US market | US stocks end higher after the Supreme Court rules against Trump tariffs

US market | US stocks end higher after the Supreme Court rules against Trump tariffs

U.S. stocks closed higher on Friday, led by gains in Alphabet, Amazon and other Wall Street heavyweights after the Supreme Court struck down President Donald Trump’s global tariffs. The U.S. Supreme Court, which has a conservative majority, ruled 6-3 against Trump’s global tariffs, which were introduced last year under a federal law intended for national emergencies. Trump called the ruling a “disgrace” and said he would impose a 10% global tariff for 150 days under Section 122 of the Trade Act of 1974 to replace emergency measures that the Supreme Court struck down.

Investors were relieved that Trump’s recently announced global rate wasn’t higher, said Mike Dickson, head of research and quantitative strategies at Horizon Investments in Charlotte, North Carolina.“Today we are removing some of the uncertainty and moving into the next phase,” said Dickson. Some of Wall Street’s most valuable and widely held companies rose, including a 3.7% rise at Google parent Alphabet, a 2.6% rise at Amazon and a 1.5% rise at Apple.

Shares of US toymaker Hasbro, online furniture retailer Wayfair, Pottery Barn owner Williams-Sonoma and luxury furniture retailer RH – all hit by tariffs – rose between 0.5% and ‌2.3%. Thousands of companies around the world have filed lawsuits challenging Trump’s sweeping tariffs and demanding reimbursement for the duties they paid. According to the economists at the Penn-Wharton Budget Model, there is a risk that more than $175 billion in U.S. tariff collections will have to be refunded.


The S&P 500 climbed 0.69% to end the session at 6,909.51 points.

The Nasdaq rose 0.90% to 22,886.07 points, while the Dow Jones Industrial Average rose 0.47% to 49,625.97 points.
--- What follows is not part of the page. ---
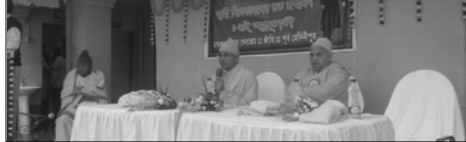
কীৰ্ত্তি ৰামকৃষ্ণ মিশনে সমাৰোহে পালিত হৈছে যুৱক স্বামী বিবেকানন্দৰ ১৫৬তম জন্মদিবস।
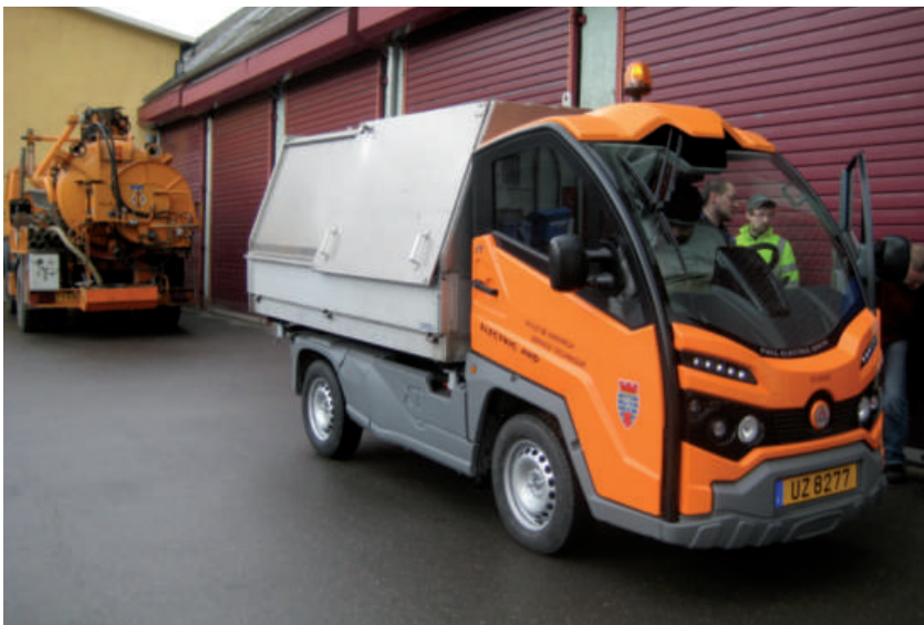
Uschafe vun engem ëmweltfrëndliche Gefier fir de Service Technique

Nine of the eleven S&P 500 sector indexes rose 2.65%, led by communications services, followed by a 1.27% increase in consumer discretionary.

This week, the S&P 500 rose 1.08%, the Nasdaq gained 1.51% and the Dow Jones rose 0.25%.

The S&P 500 is up almost 1% in 2026, after a gain of more than 3% in MSCI’s global stock gauge.

Data released early in the day showed US economic growth slowed more than expected in the fourth quarter, while a separate reading showed inflation rose in December. Traders see a little more than a 50% chance that the Fed will cut rates at its June policy meeting, according to CME’s FedWatch Tool. Investors nervous about the health of Wall Street’s AI rally will scrutinize Nvidia’s quarterly results next Wednesday. AI-linked tech stocks have been on the move in recent months due to concerns about high valuations and limited evidence that massive investment in AI drives revenue and profit growth.

Industries ranging from software to logistics have also been hit by concerns that rapidly improving AI tools could disrupt their business models and intensify competition.

Akamai Technologies fell 14% after the cloud company forecast first-quarter adjusted earnings that were lower than Wall Street estimates.

Within the S&P 500, advancing issues outpaced declining issues by a 2.0-to-one ratio.

The S&P 500 recorded 34 new highs and 7 new lows; the Nasdaq recorded 81 new highs and 153 new lows.

Volume on US exchanges was relatively low, with 18.3 billion shares traded, compared to an average of 20.3 billion shares over the previous twenty sessions.